That the process of insertion into existing social relations and, by extension, into particular perspectival horizons begins at birth and continues throughout our lives is true. It does not necessarily follow, however, that we possess no agency within those relations; we can, in fact, shift, alter or even transform those relations. How we do this work, by what means, within what limits, for what purposes, and to what effect are questions with which I am most concerned both as a scholar and as a teacher.

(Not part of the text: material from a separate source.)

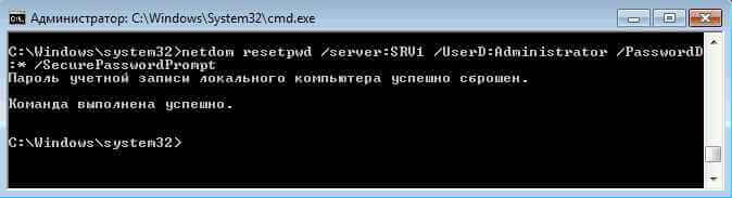 Что интересно, в рекомендациях по использованию и в справке написано, что команду Netdom Resetpwdможно использовать только для сброса пароля на контролере домена, другие варианты использования не поддерживаются. Однако это не так, и команда также успешно сбрасывает пароль на рядовых серверах и рабочих станциях.

There are, Linda Alcoff notes, two aspects to what we might understand as social identity:

“our socially perceived self within the systems of perception and classification and the networks of community in which we live;” and our lived subjectivity or who we understand and experiences ourselves as being (Visible Identities 93). Rather than representing these two aspects of social identity in binary terms (exterior and interior or embodied and felt, for example), Alcoff asks us to consider the ways and degrees to which disparate experiences of being a self and of being called to perform as if one is a particular sort of self fail to map neatly onto one another. She asks readers to notice and make sense of the discontinuities among and between the range of experiences that constitute our being in and of the world. While we cannot possess objective understanding of our lives as we live them, as Gadamer points out, our situatedness in place, time, and experience do enable ways of knowing. We are capable of what Gadamer terms effective historical consciousness: capable, in other words, of “reflective awareness of the horizon of our situation.” We are capable of recognizing that horizon as fluid and dynamic rather than static and given, and capable of recognizing that this horizon is not the only determinant of our understanding and our ability to make meaning. (Alcoff 95)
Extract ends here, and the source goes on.